Целый год после того, как меня подвергли этому позору, я плакал каждый день в то же время, те же полчаса. Это не так трагично, как ты можешь вообразить. Для тех, кто сидит в тюрьме, слезы — привычное времяпрепровождение. И если в тюрьме выпадает день, когда нет слез, — то это не значит, что у человека легко на сердце, — это значит, что сердце его ожесточилось.
Но теперь мне и вправду становится жаль тех, кто смеялся, больше, чем самого себя. Разумеется, они увидели меня отнюдь не на пьедестале. Я был выставлен в колодках у позорного столба. Но только люди, начисто лишенные воображения, интересуются фигурами на пьедесталах. Пьедестал может быть призрачным, нереальным. Позорный столб — ужасающая реальность. Не мешало бы этим людям разобраться получше и в природе страдания. Я говорил, что за Страданием всегда кроется только Страдание. Но можно сказать лучше — за страданием всегда кроется душа. А издеваться над страждущей душой — это ужасно. И поистине неприглядна жизнь тех, кто на это способен. В мире действует удивительный по простоте закон экономии; люди получают только то, что дают, и те, у кого не хватило воображения, чтобы отбросить все внешнее и проникнуться жалостью, — могут ли они рассчитывать на жалость, не смешанную с презрением?

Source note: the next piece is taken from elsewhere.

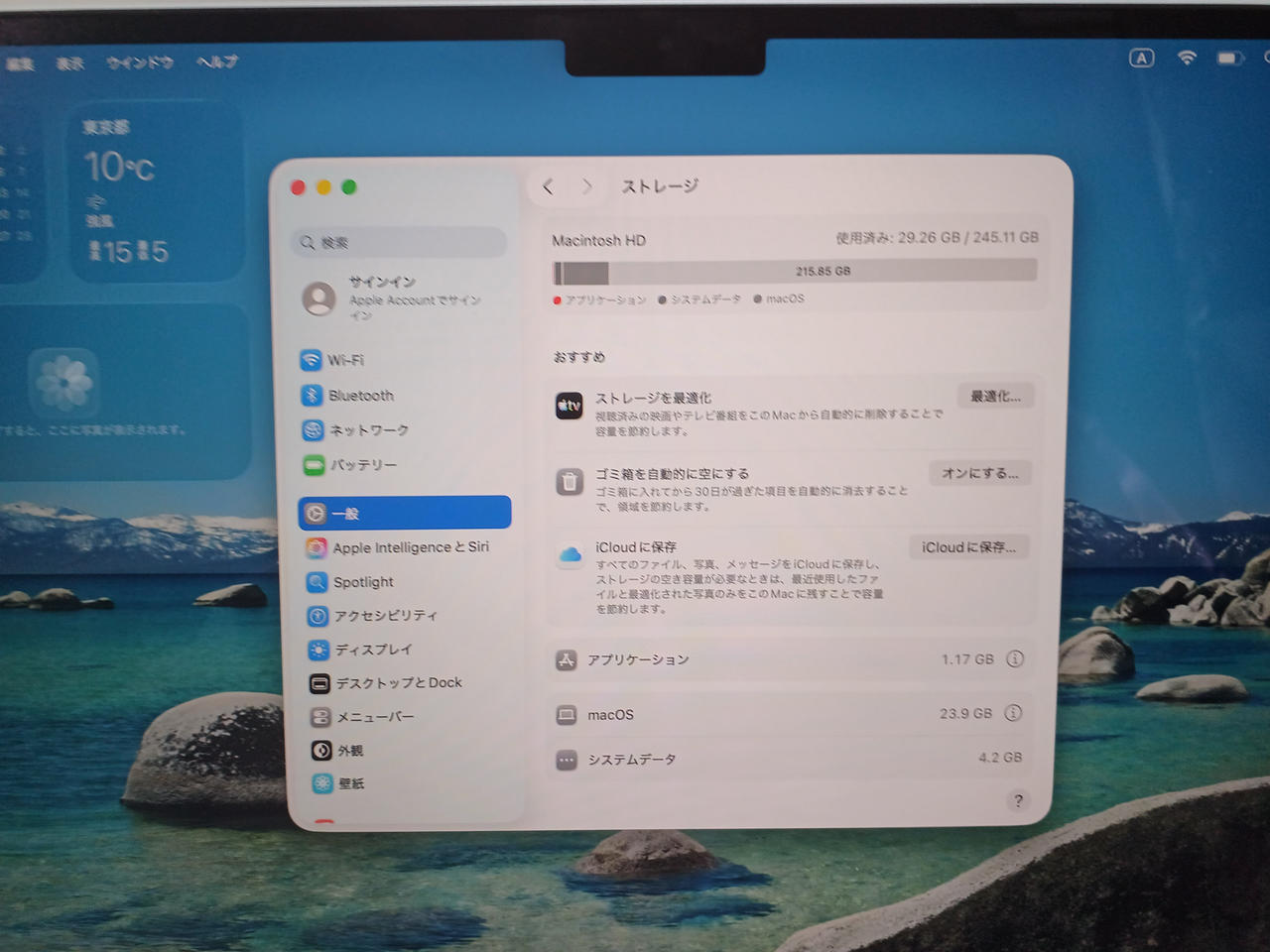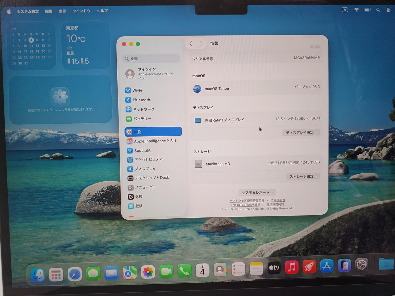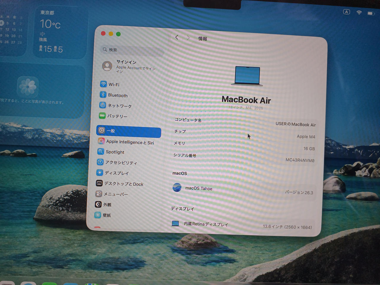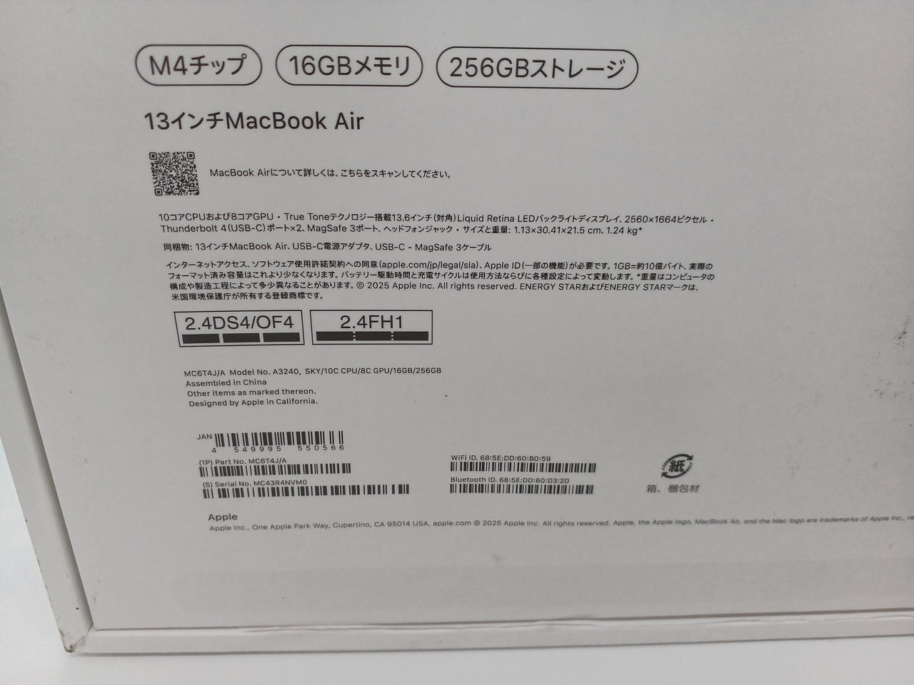 「M4」チップ、Liquid Retinaディスプレイの13.6型「MacBook Air」。ストレージは256GB、メモリーは16GB、生成AI「Apple Intelligence」に対応。 |

Я рассказал тебе, как меня сюда перевозили, только для того, чтобы ты понял, как мне трудно извлечь из своего наказания что-нибудь, кроме горечи и отчаяния. И все же мне придется это сделать, и порой меня уже посещают минуты смирения и кротости. В одном-единственном бутоне может затаиться вся весна, а в гнездышке жаворонка на голой земле — все ликование, которое многократно провозгласит и поторопит приход алых утренних зорь, — может быть, и все то, что мне осталось прекрасного в жизни, сосредоточено в некоей минуте самоуничижения, кротости и смирения. Так или иначе, я могу двигаться дальше, согласно предначертаниям моего собственного развития, и стать достойным того, что со мной произошло, достойно приняв все, что выпало мне на долю. Обычно говорили, что во мне слишком много индивидуализма. Я должен стать еще большим индивидуалистом, чем когда-либо раньше. Я должен брать у самого себя гораздо больше, чем раньше, и ждать от мира гораздо меньше. Ведь причиной всех моих несчастий был не избыток индивидуализма в жизни, а скорее недостаток. В моей жизни был один позорный, непростительный, достойный презрения во все времена поступок, — я допустил, чтобы меня вынудили просить у Общества помощи и защиты от твоего отца. С точки зрения индивидуалиста, вовсе не подобало подавать жалобу на кого бы то ни было, а уж тягаться с человеком такого характера и такого облика — совершенно непростительно.